■ Data for this exercise:
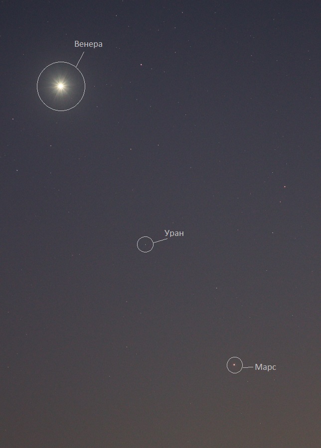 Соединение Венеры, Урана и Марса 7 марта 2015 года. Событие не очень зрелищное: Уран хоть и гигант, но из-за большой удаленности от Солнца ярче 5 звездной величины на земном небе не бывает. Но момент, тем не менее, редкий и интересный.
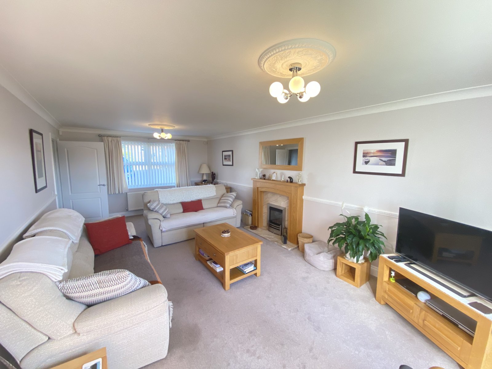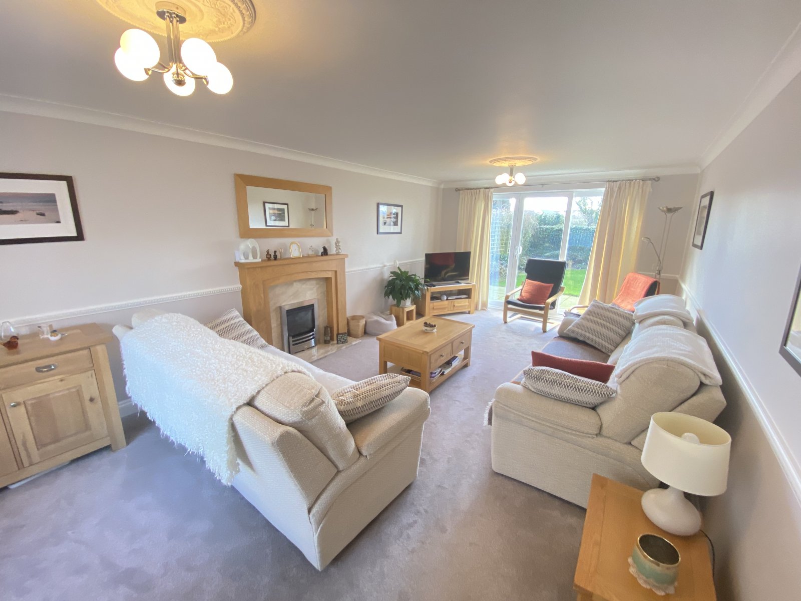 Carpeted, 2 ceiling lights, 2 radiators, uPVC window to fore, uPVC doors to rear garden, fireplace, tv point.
...
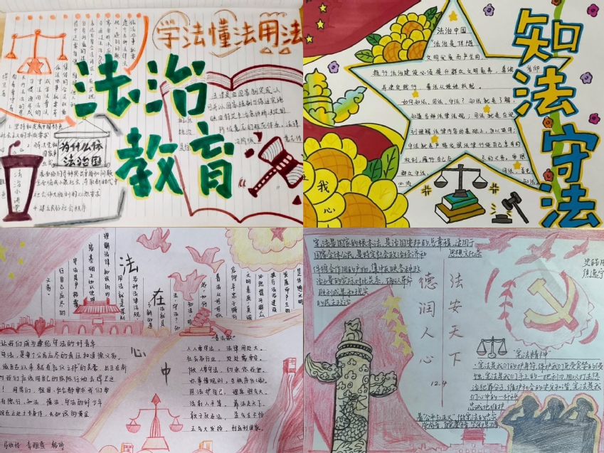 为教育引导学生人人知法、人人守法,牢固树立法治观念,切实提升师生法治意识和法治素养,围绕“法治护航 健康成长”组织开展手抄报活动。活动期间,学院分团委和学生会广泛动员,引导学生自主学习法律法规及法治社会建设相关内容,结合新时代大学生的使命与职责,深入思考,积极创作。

■ Exercise prompt: "Соединение Венеры, Урана" marks the first line to copy, and "Carpeted, 2 ceiling" marks the last. Repeat that stretch above exactly, with no pictures.

■ Reply to the exercise:
 Соединение Венеры, Урана и Марса 7 марта 2015 года. Событие не очень зрелищное: Уран хоть и гигант, но из-за большой удаленности от Солнца ярче 5 звездной величины на земном небе не бывает. Но момент, тем не менее, редкий и интересный.
 Carpeted, 2 ceiling lights, 2 radiators, uPVC window to fore, uPVC doors to rear garden, fireplace, tv point.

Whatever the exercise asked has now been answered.